§ Your assignment:
Beginning with the line that contains "Vậy bạn đã tổng", reproduce every line through the end of the records below exactly, and leave the pictures out.

Dataset excerpts
# # # # #
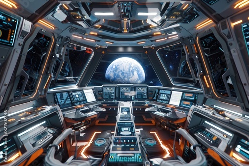 © MrHamster, Fototapeta premium High-tech control room inside the space station
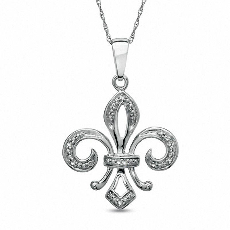 Natural Diamond Accent Fleur-de-Lis Pendant in 10K White Gold
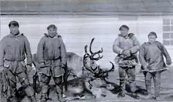 The winter of 1902 was the coldest since 1894, but proved to be fine weather for the reindeer. There were few hard storms; the fall of snow was light, and there was no thaw during the fall or early winter to cover the pasturage with a coating of ice. Spring 1903 came unusually early and was mild and dry, hence no fawns were lost because of cold and wet weather. Of the 276 fawns born, 240 lived. During the winter the herd was pastured on the Ahgeeopuk River, 5 miles (8 km) below the usual winter quarters. During the summer, they were kept 5 miles northwest from the station. From the Government herd at this station, during the winter of 1901-2, two herds were sent to Kotzebue Sound, one for the Friends' Mission and the other for Alfred Nilinia. Leaving the station November 12, they arrived at Kotzebue on December 16, 1901. On January 15, 1902, a herd of 100 reindeer was loaned to Per Spein and sent by the way of Golofnin Bay to Eaton Reindeer Station. On July 22, the Norwegian Evangelical Lutheran Synodical Mission at this station loaned to Serawlook, Erlingnuk, and Ahmahkdoolik, apprentices, each 10 deer from the mission herd.[4]
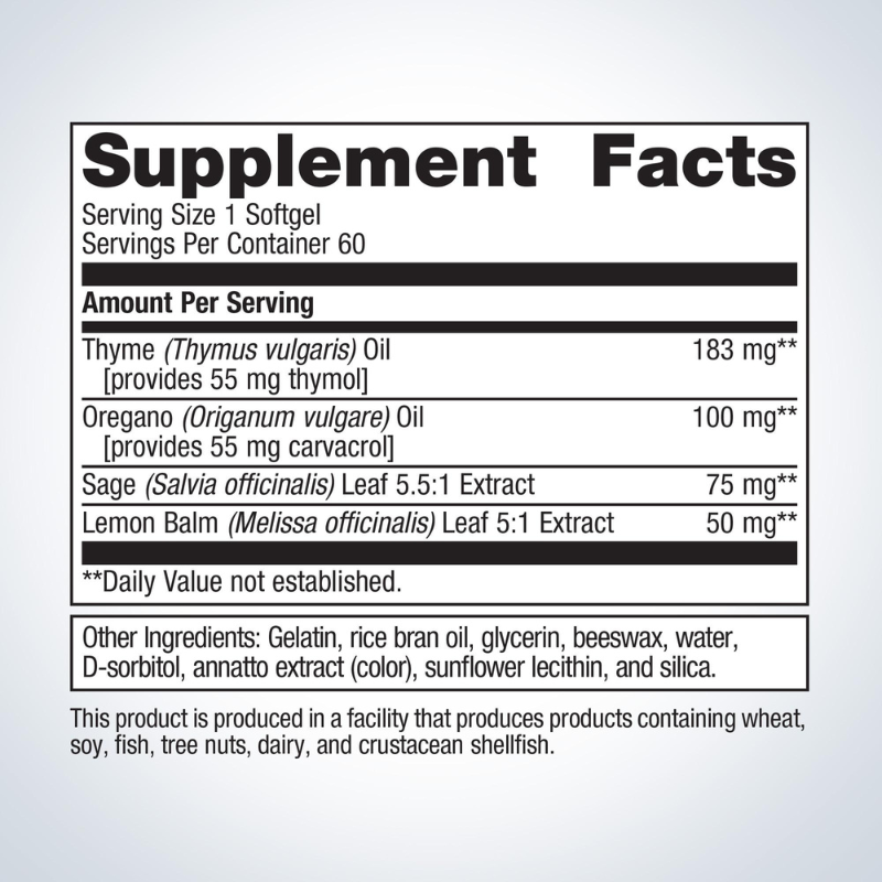 | Oregano (Origanum vulgare) Oil [provides 55 mg carvacrol] | 100 mg | * |
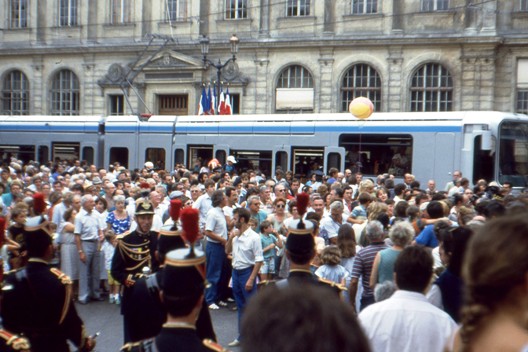 Desde 1978, muchas ciudades han recuperado el tranvía. Inauguración del tranvía de Grenoble (Francia) en 1987. Fotografía de Juanjo Olaizola Elordi
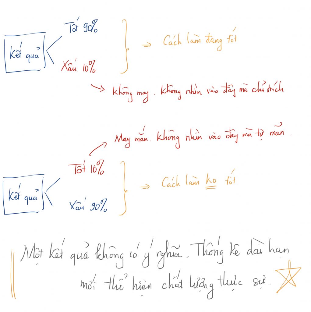 Vậy bạn đã tổng kết kết quả dài hạn 1 cách khách quan về sức khoẻ, công việc, mối quan hệ, hiệu quả kinh doanh… để biết mình đang thực sự làm tốt hay ăn may, làm chưa tốt hay chỉ đơn thuần là xui xẻo? Cải thiện phương pháp là cốt lõi cho kết quả dài hạn.
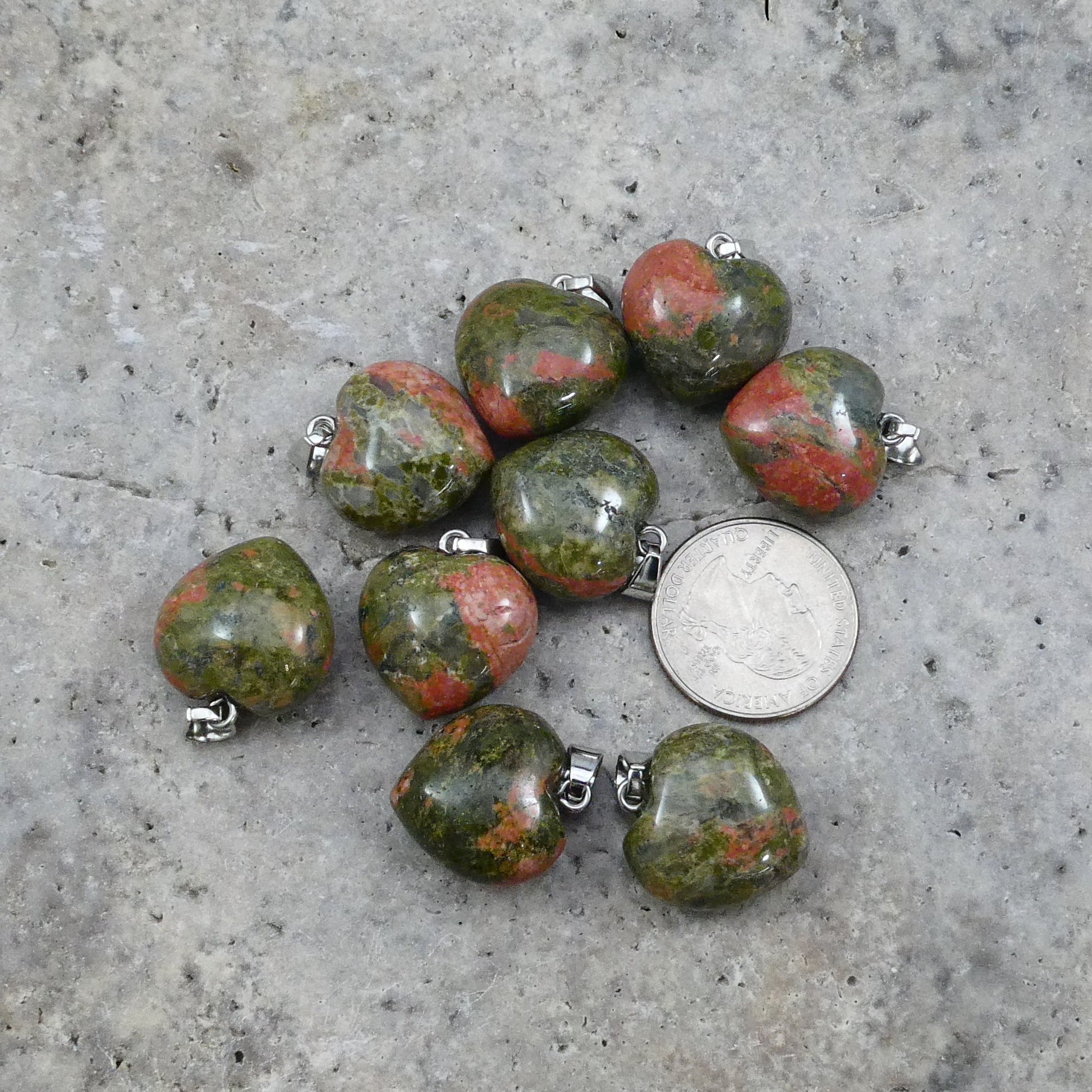 Unakite 20x20mm Heart Pendant
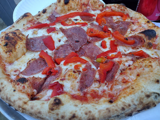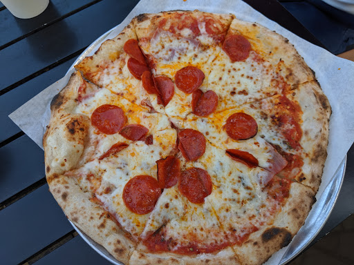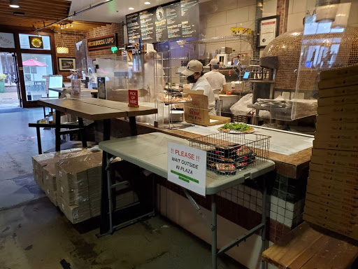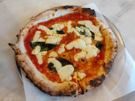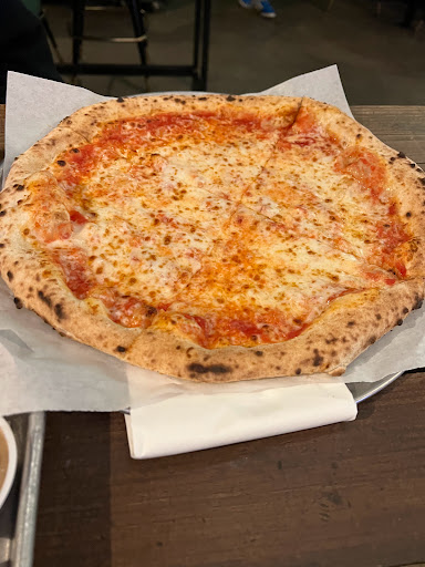 For wood fired pizza this place was below average. The baking results were strange. Some parts of the crust were charred well but the cheeses was not completely melted. Some cheese was still cool and the crust in the middle was still raw and doughy. Very strange. The flavor was ok but the texture of the crust edges was the strangest Ive had. Not chewy or crunchy just kinda strange. The place was very unkept and seating was awkward in the market. Not well laid out at all. End result was disappointing for a 4+ rating.
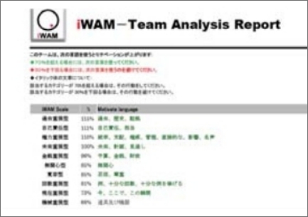 アイワムプログラムは、最先端の言語科学を駆使したモチベーション・ファインダー 「アイワム診断テスト」を活用したプログラムです。 スタッフ一人ひとりの『思考スタイル」を48の項目で可視化。
# # # # #
§ Response:
 Vậy bạn đã tổng kết kết quả dài hạn 1 cách khách quan về sức khoẻ, công việc, mối quan hệ, hiệu quả kinh doanh… để biết mình đang thực sự làm tốt hay ăn may, làm chưa tốt hay chỉ đơn thuần là xui xẻo? Cải thiện phương pháp là cốt lõi cho kết quả dài hạn.
 Unakite 20x20mm Heart Pendant
 For wood fired pizza this place was below average. The baking results were strange. Some parts of the crust were charred well but the cheeses was not completely melted. Some cheese was still cool and the crust in the middle was still raw and doughy. Very strange. The flavor was ok but the texture of the crust edges was the strangest Ive had. Not chewy or crunchy just kinda strange. The place was very unkept and seating was awkward in the market. Not well laid out at all. End result was disappointing for a 4+ rating.
 アイワムプログラムは、最先端の言語科学を駆使したモチベーション・ファインダー 「アイワム診断テスト」を活用したプログラムです。 スタッフ一人ひとりの『思考スタイル」を48の項目で可視化。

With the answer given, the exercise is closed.